5. Destructiveness of viruses
In terms of destructiveness, both "Panda Burning Incense" and "Disk Drive" can infect executable files and webpage files in the computer, causing system It runs slowly. The difference is that the "disk drive" encrypts and stores the infected files during the process of infecting them, making it more difficult to remove the virus. Both can link to malicious web pages to download Trojan viruses, but in terms of the number of Trojan viruses downloaded, "Disk Drive" far exceeds "Panda Burning Incense". "Disk Drive" can download more than 20 kinds of Trojan viruses, while "Panda Burning Incense" "Only one or a few Trojans can be downloaded.
The "disk drive" used ARP viruses to bring huge catastrophic accidents to corporate LAN users. Because the "disk drive" can instantly infect all computers in the LAN with the help of ARP, many units' Work was interrupted as a result, causing immeasurable losses.
6. Manifestation of the virus
In terms of expression, the performance of "Panda Burning Incense" is very obvious. The infected executable file generates a "Panda Burning Incense" pattern, which is very easy to judge. The infection of "disk drive" is very low-key and hidden. He tried every means to hide his whereabouts.

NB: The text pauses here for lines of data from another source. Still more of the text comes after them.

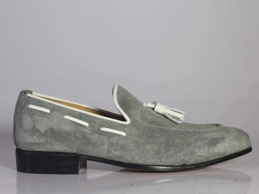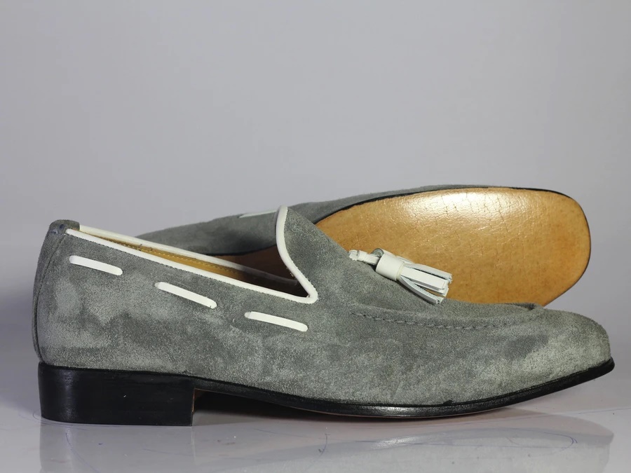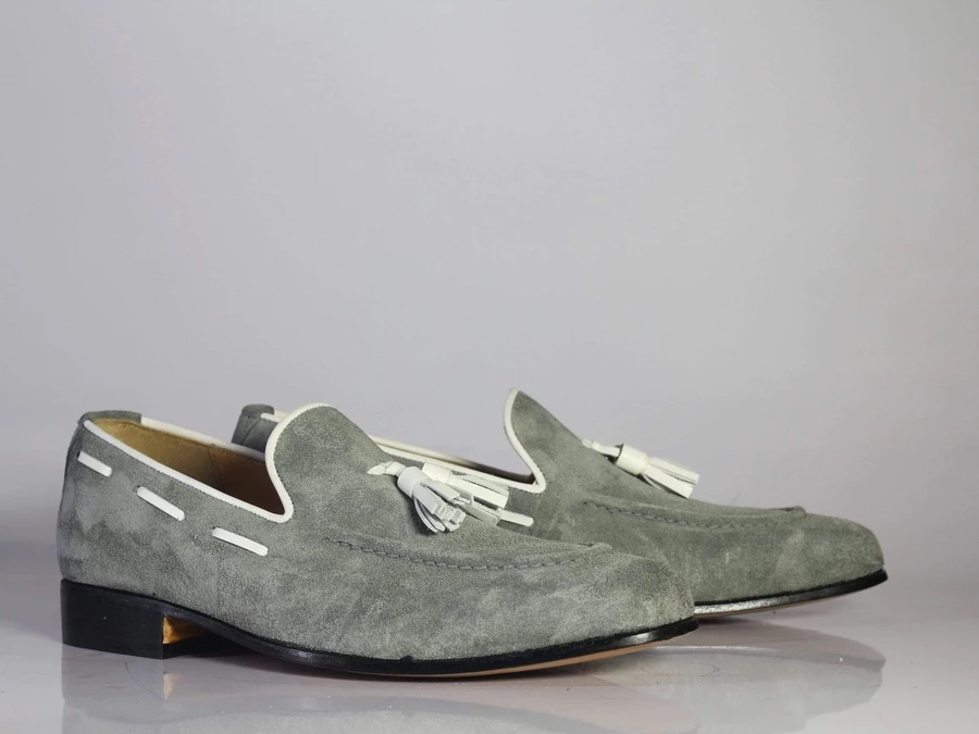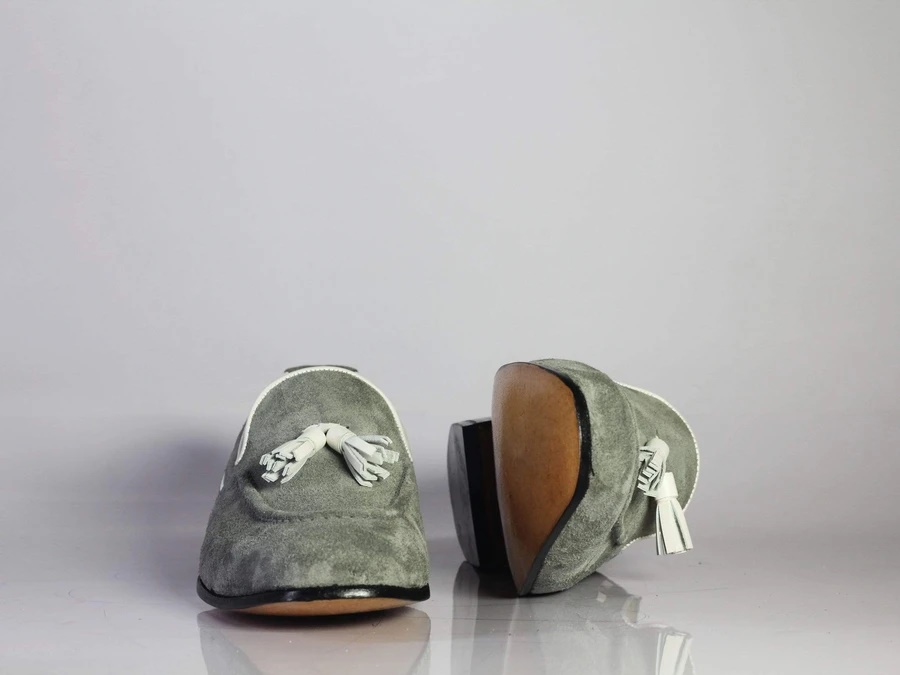 Handmade Grey Round Toe Tussle Suede Loafers for Men. Shoes for men
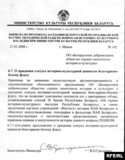 “Калі б Міністэрства культуры прызнала бел-чырвона-белы сьцяг гісторыка-культурнай каштоўнасьцю, рэжым ад гэтага не паваліўся б і не пацярпеў бы ні на ёту”
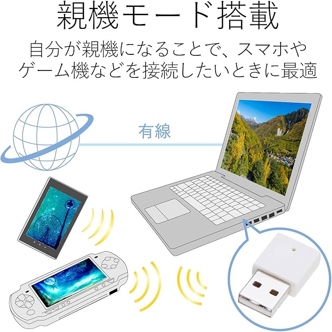 IEEE802.11b/g/nに対応し、最大300Mbpsの無線通信が可能です。業界標準の2.4GHz通信に対応し、宅内のルータはもちろんの事、Wi-Fiスポットやポケットルータなど幅広い環境で使えます。装着したまま持ち運んでも邪魔になりません。
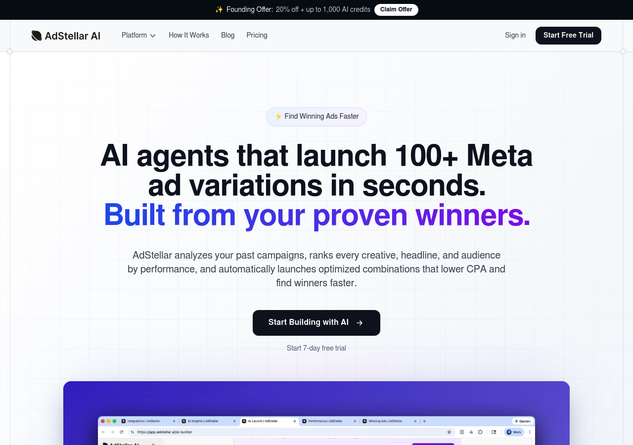 | AdStellar | AI recommendations | $49-399/mo | No | 7 days |
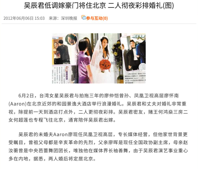 其丈夫廖怀南家世非常显赫,大概也是因为吴辰君才格外低调。
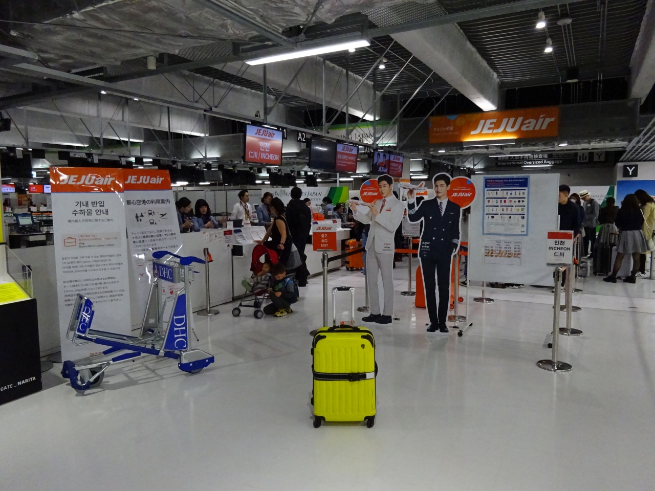 チェジュ航空のカウンターはそれほど混んでなく,5分ほど列んで手続き完了。スーツケースを預けたので,10分程カウンター周辺で待つように言われました。
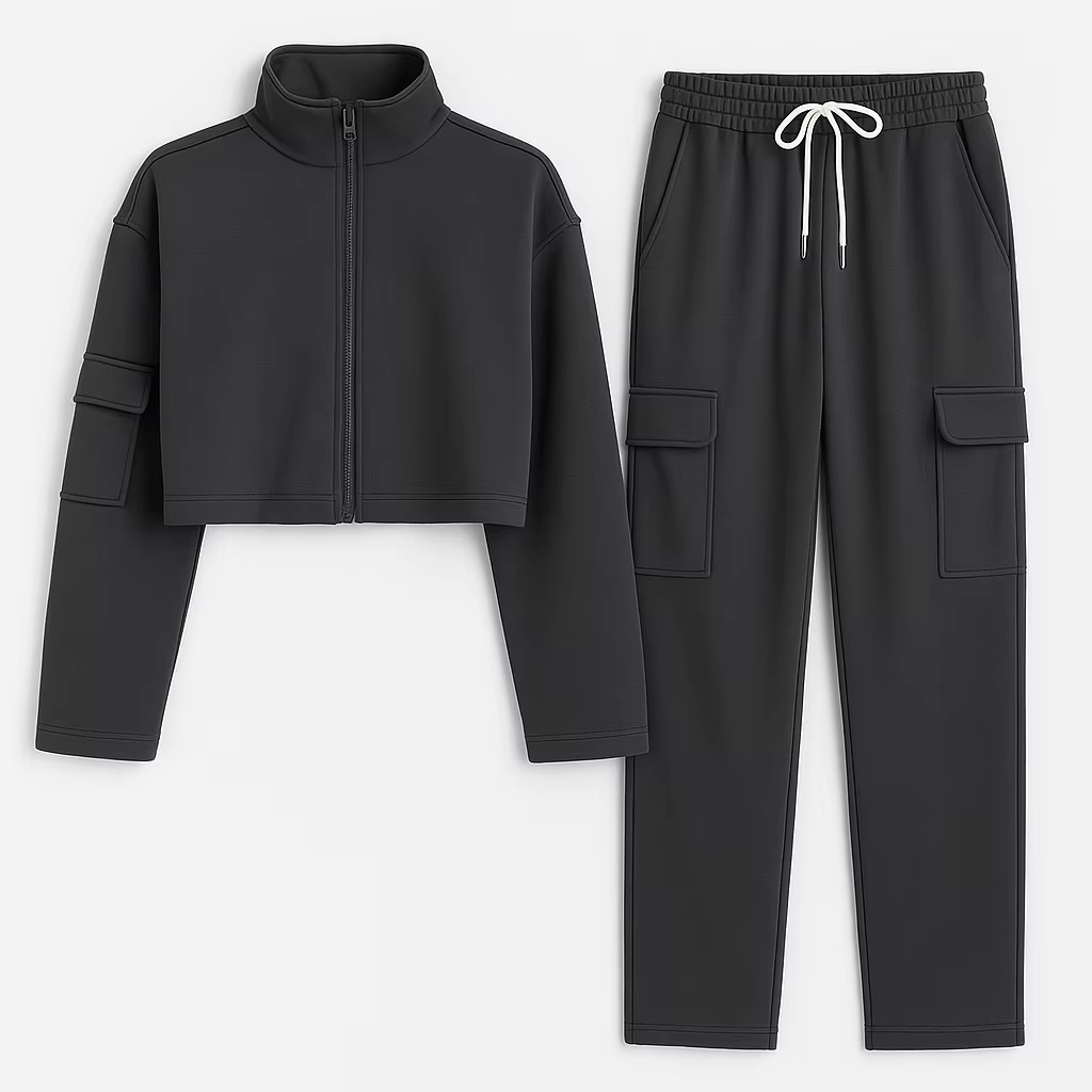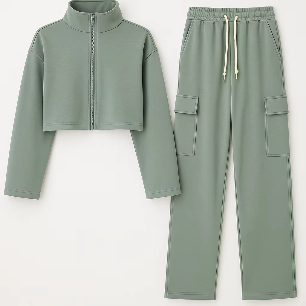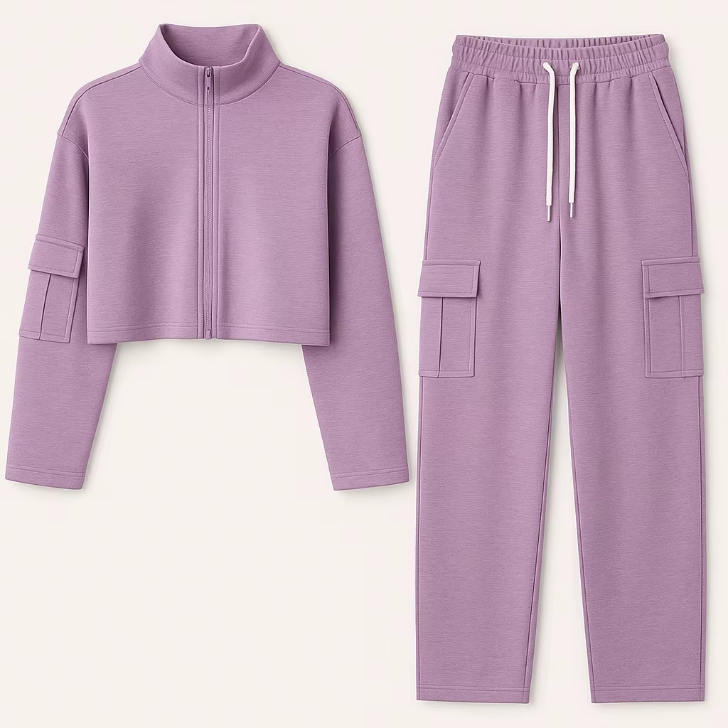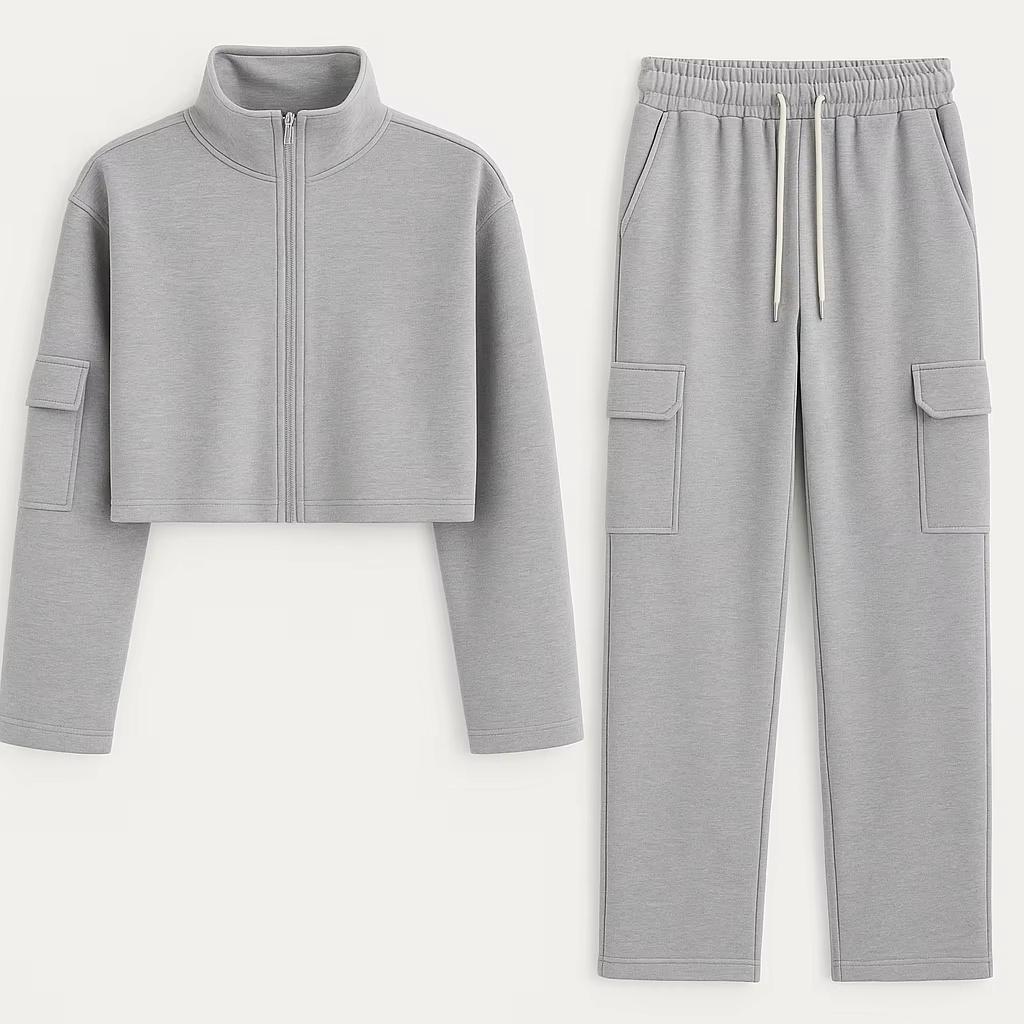 This women’s activewear set features a stand-collar, long-sleeve zip crop hoodie designed for gym and lifestyle use, made from 300gsm French terry (50% cotton / 50% polyester) with a soft-touch feel and anti-wrinkle performance. Manufactured in Vietnam, it supports OEM/ODM custom service for brands and buyers, including custom fabrics (as requested), sizes, colors, and logo placement—ideal for bulk sourcing of sporty-casual collections.
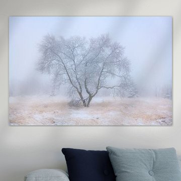 Tree full of frost on a wintry day with snow at the High Fens in Belgium. Jos Pannekoek
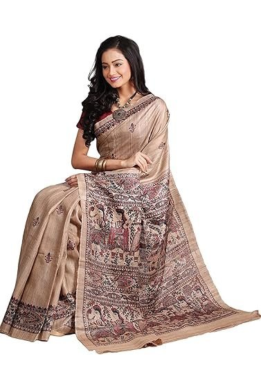 RACHBAI Womens Tussar Ghicha Madhubani Printed Pure Silk Saree
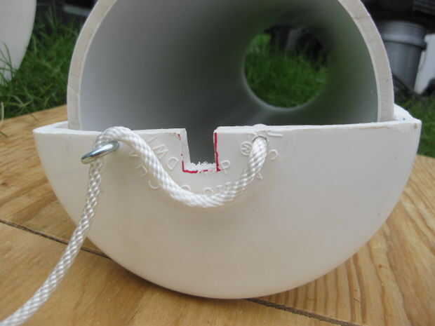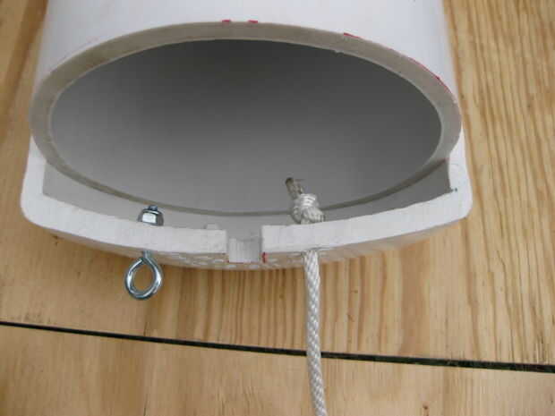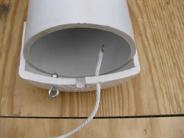 Acople 1/4" de la cuerda a la Asamblea de la leña.  Insertar la línea en el orificio de 1/4" y ate.  Enhile el sedal a través de la armella.
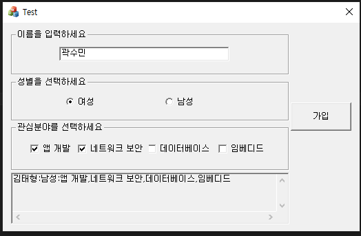 | Group Box | IDC_STATIC | Caption : 관심분야를 선택하세요 (예 : 앱 개발 , 데이터 베이스) |
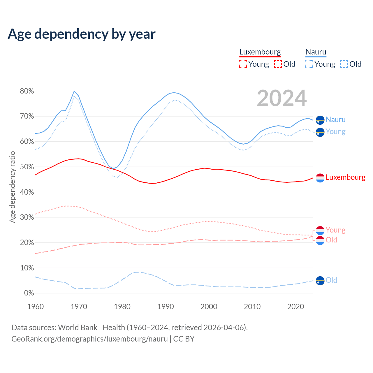 - Luxembourg is ranked 46/196 by median age (oldest to youngest) vs 155/196 for Nauru.
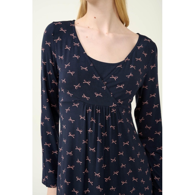 Ανανεώστε τη χειμερινή σας γκαρνταρόμπα με αυτό το νυχτικό, φτιαγμένο από 100% βαμβακερό interlock για απαλή υφή και εξαιρετική διαπνοή. Το κομψό μοτίβο με φιόγκους προσθέτει μια παιχνιδιάρικη αλλά και θηλυκή πινελιά, ενώ η πατιλέτα εξασφαλίζει άνεση και κομψότητα. Με μακριά μανίκια και χαλαρή γραμμή, είναι ιδανικό για ήρεμα βράδια στο σπίτι και στιγμές απόλυτης χαλάρωσης.
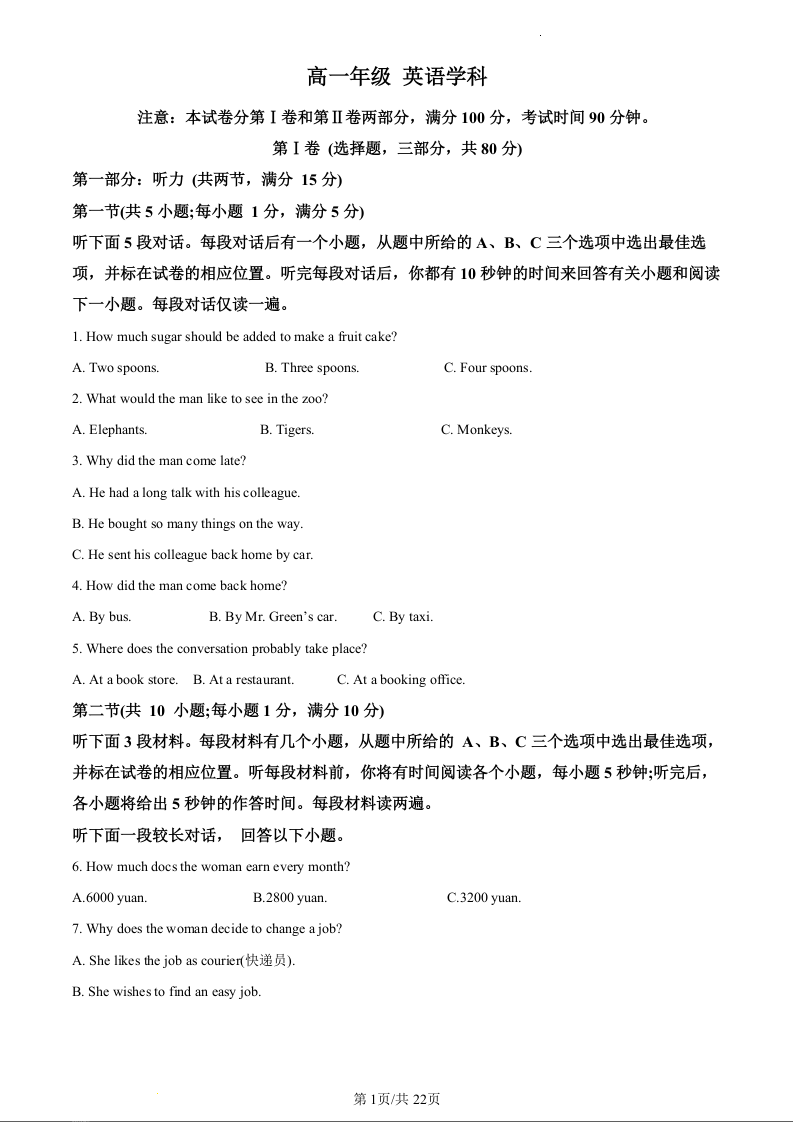 天津市红桥区2023-2024学年高一上学期11月期中考试英语(精品解析版)

It is difficult for ordinary users to detect traces of poisoning on the surface. Many users are not aware of the poisoning and have no other obvious abnormal symptoms except that the system seems to be slowing down.
It is under this deliberately low-key disguise that the "disk drive" virus waits for an opportunity to steal users' private and sensitive information, including game accounts and account passwords for online banking and online securities trading. The blatant robbery by "Panda Burning Incense" is even more terrifying.
- Previous article:What's a good word for forest farm shirt?
- Next article:Ankang chuangwen acceptance time
- Related articles
- Taxpayers' personal work summary model essay 1 words
- Basketball understands life.
- Is the ginkgo fruit that can't be peeled off immature?
- Warm tips on anti-freeze for vacant houses
- Positive energy warms the heart, literary short sentences, small fresh sentences, and crosses within 8 words.
- Love Science and Anti-Cult Handwritten Newsletter Contents
- How to make the font in WORD be in the middle when printed?
- New year's slogan of garbage sorting
- Three planning schemes of autumn outing in primary schools
Taking children for an autumn outing can help students get close to nature and society, feel the beautiful scenery of the motherland an
- 165438+ Guoyang county, Bozhou1October 26th epidemic prevention and control bulletin (the latest news of Yang Guo epidemic was added today).